When I got home, I cleaned up the blister that had formed and placed a Nexcare bandaid on it, as it was recommended for blisters from running/walking. I then put on a clean pair of socks and the runners once again (you should never wear your runners outside of running/walking...they need time to air dry). Also, the socks I put on were identical to the ones that my shoes had eaten while I was walking. That's a sign they are not appropriate for this type of workout. I should have known this as my boots would even eat them as I wore them with those.
The next day, I took it easy and didn't do as much exercise. Just some light walking trying not to push it due to the amount of pain I was in. That night, I soaked in a hot epsom salt bath. Oh, how that felt good on the sore heel. I then dried it and placed a gauze pad on the blistered area and taped it in place. That felt so much better.
The next morning, as I headed to the gym with a bandaged heel, good socks, and the same runners, I contemplated what type of cardio I could do. The treadmill was out, as was the bike. I had thought about the row machine, but I had never used it before and the trainers were busy with their trainees.
So, I opted for the elliptical, something I had not used in over 6 months. I was afraid of how the circular motion would be like on my heel, so I tested it out first, and was surprised at how easily I could do it without pain in my heel. The next fear was if I could even do it after not using it for so long. Before I became adept at using the elliptical, I could barely get 5 minutes in without having to use my inhaler. But surprisingly, I got through all 30 minutes plus the five minute cool down that feels more like a torture because it is harder to work the machine at lower reps.
When I got home, I took my shower, and left the bandage off and opted to wear mules to work. Smart move as it allowed the sore to breath and heal without any additional irritation. And it allowed me to walk without limping or cringing with each step. However, it was too late. The blister was now an open wound (remember the Nexcare bandaid...yeah, it tore the blister open when I took it off) and looking angrier and angrier by the minute.
I woke up not feeling too great this morning, so I made a trip to the immediate care clinic in my area.

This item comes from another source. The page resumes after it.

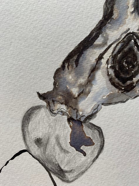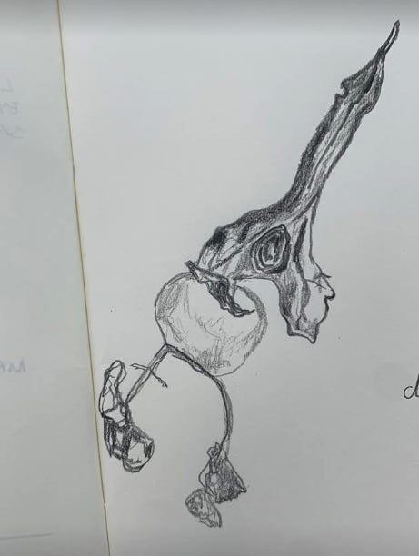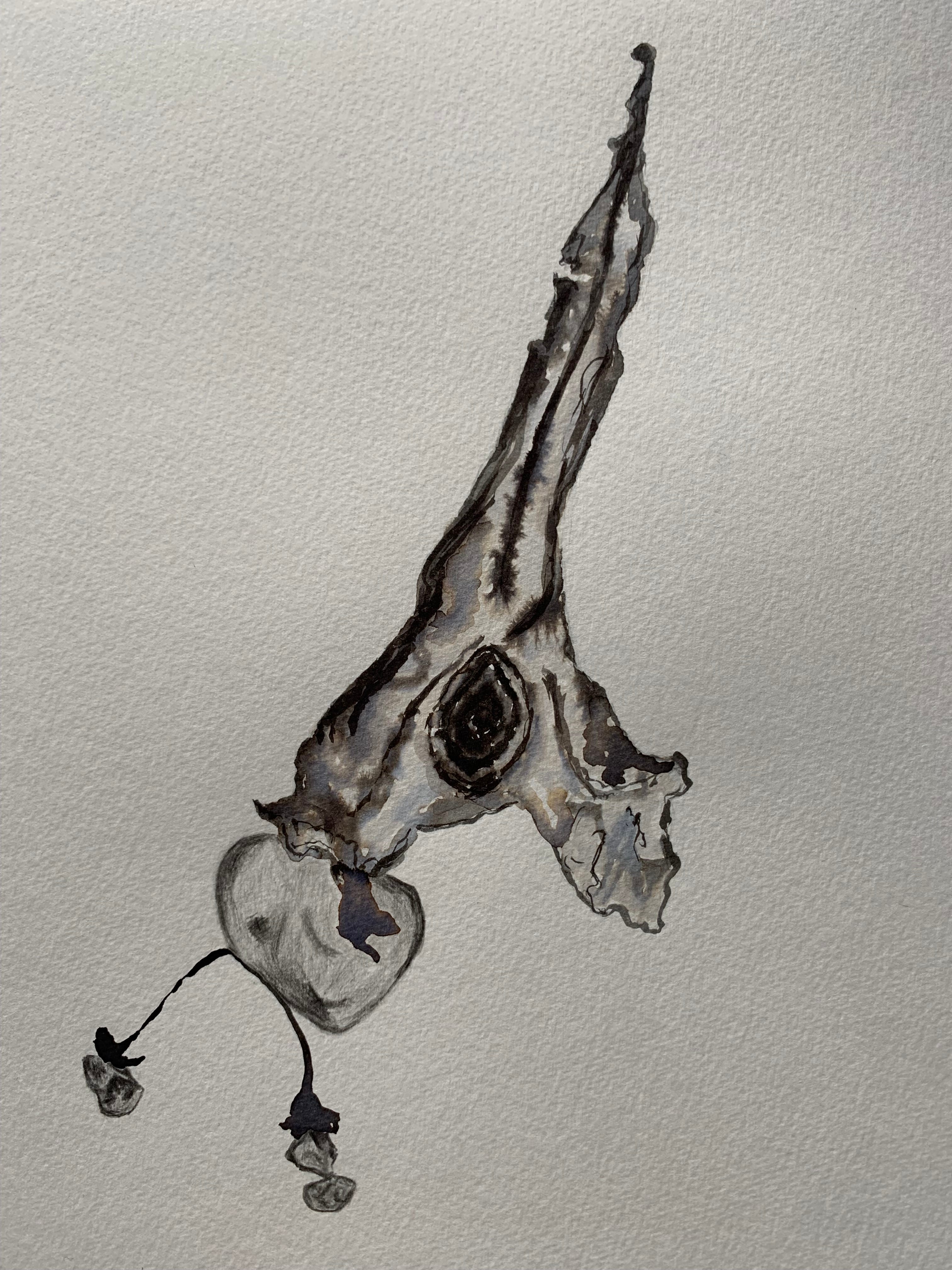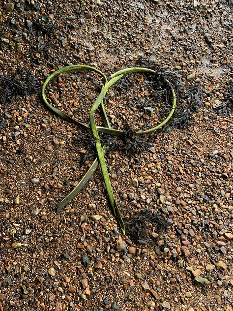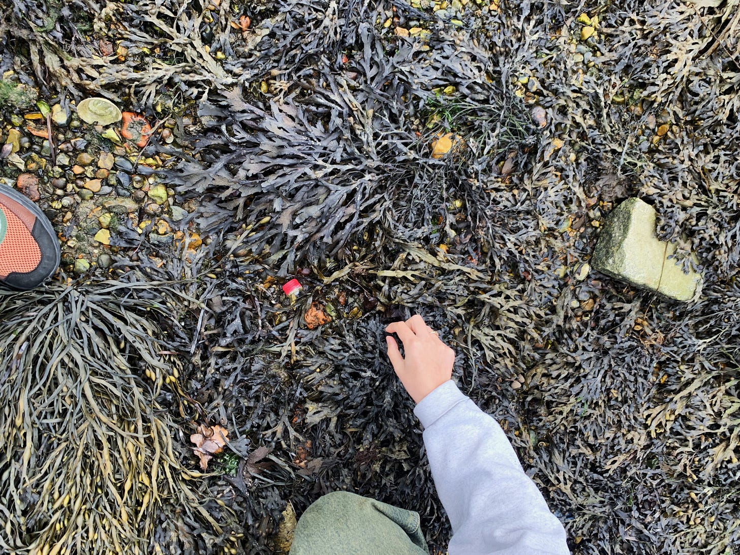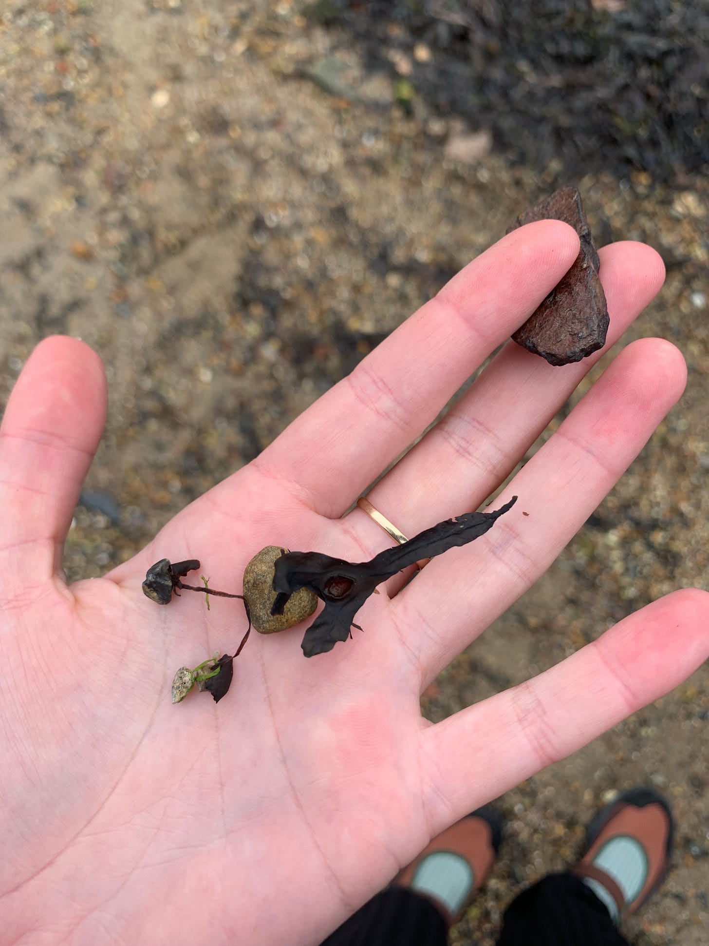 i was really drawn to this tiny piece of seaweed which was holding onto a small stone, with two more strands of seaweed attached to that, each holding onto a couple of even smaller stones. this resembled to me a visual association with clitoral diagrams, but also an ambiguous/hybrid reproductive system.

After the doctor had checked me out for the inevitable sinus infection (it is allergy season after all), I had him look at my heal. It turns out that the blister wasn't just a blister, but actually a burn that had blistered from the socks slipping into the shoe and wearing old runners. With that information, he prescribed a strong, topical antibiotic to protect me from getting a MRSA infection (long story short, I've had it, it almost killed me). He then had the nurse come in, clean it really well (that hurt like the Dickens!) and then bandage it as well.

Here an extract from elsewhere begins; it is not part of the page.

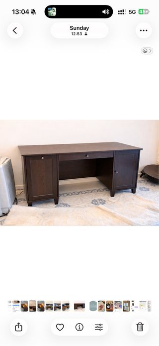 Precio nuevo 549€ Elegante escritorio de madera con un acabado oscuro. Cuenta con un diseño clásico y funcional, ideal para cualquier espacio de trabajo. Tiene 2 meses - Dos puertas laterales con almacenamiento. - Un cajón central. - Amplia superficie de trabajo.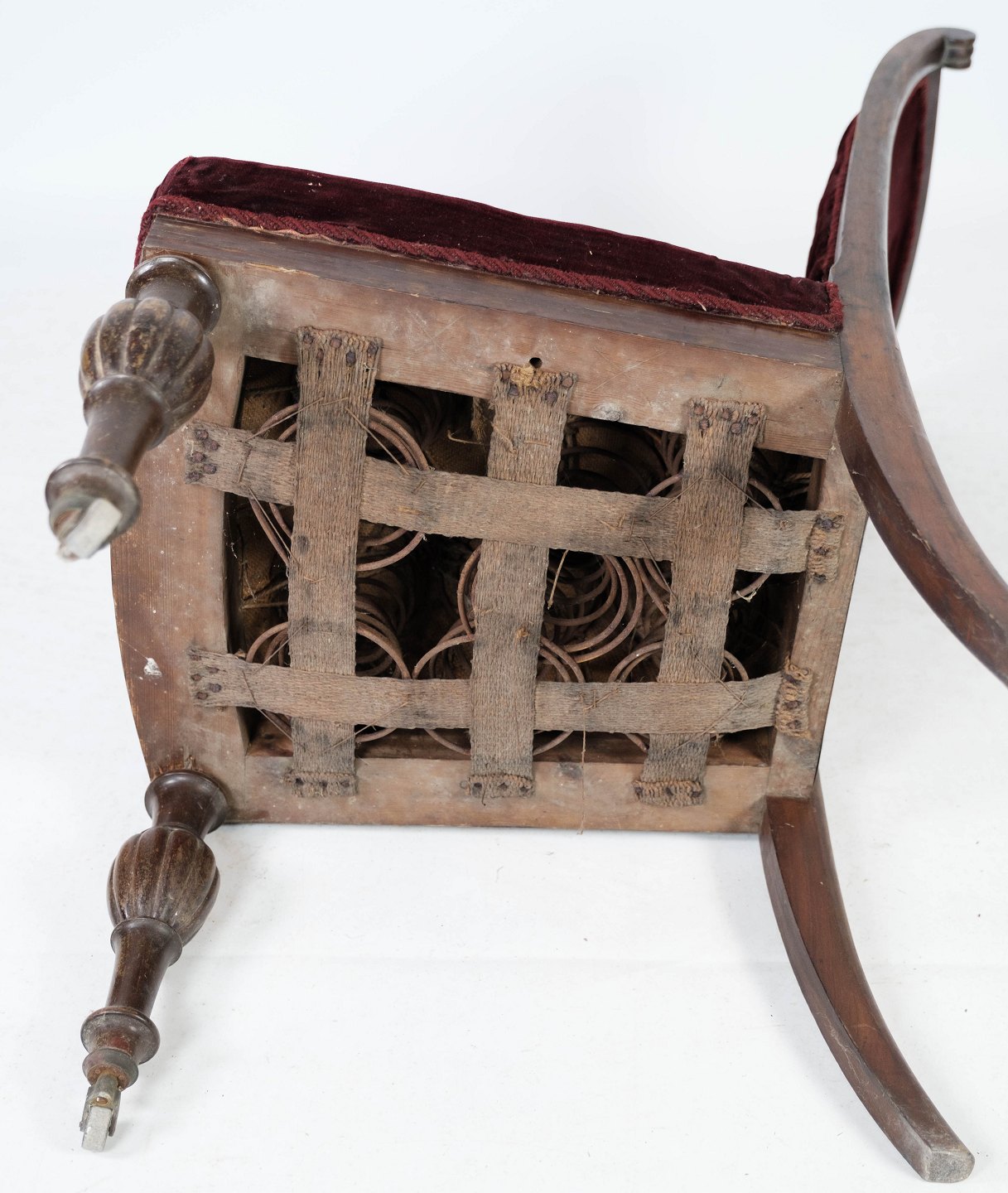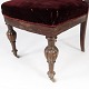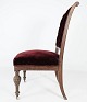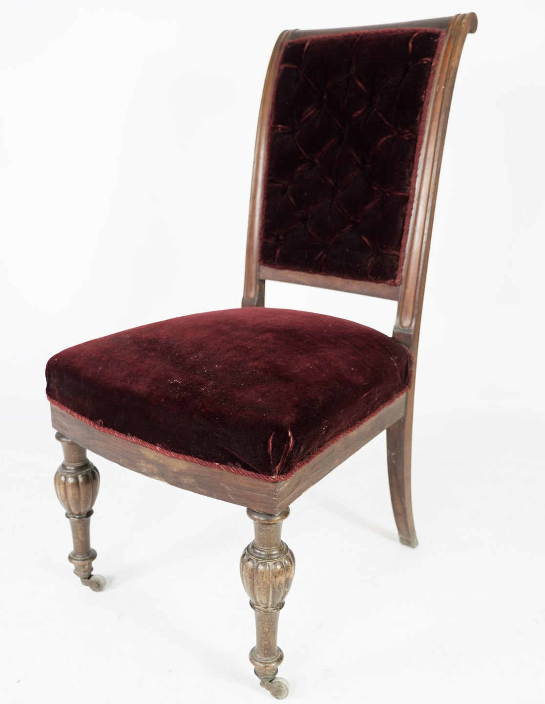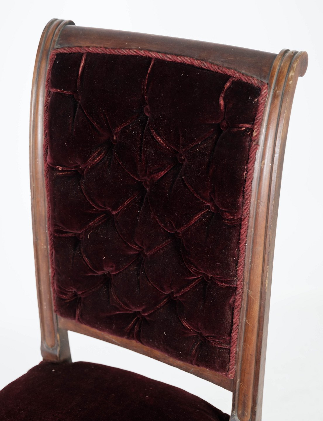 Sæt af fire spisestuestole af mahogni og polstret med bordeaux velour fra 1920erne. Stolene er urestaureret.

Since then, the pain has eased and I am able to step a little better with a different pair of socks and a pair of sneakers that I don't wear to workout in. I also went online, researched runners for those with flat feet and overpronation, and wound up ordering a pair of Asics from Kelly's Runners World's online store. I should have them in about 5 days, so in the meantime, I'll be using only the elliptical if I get the itch to workout some more, and being more mindful of my footwear while both working out and being casual.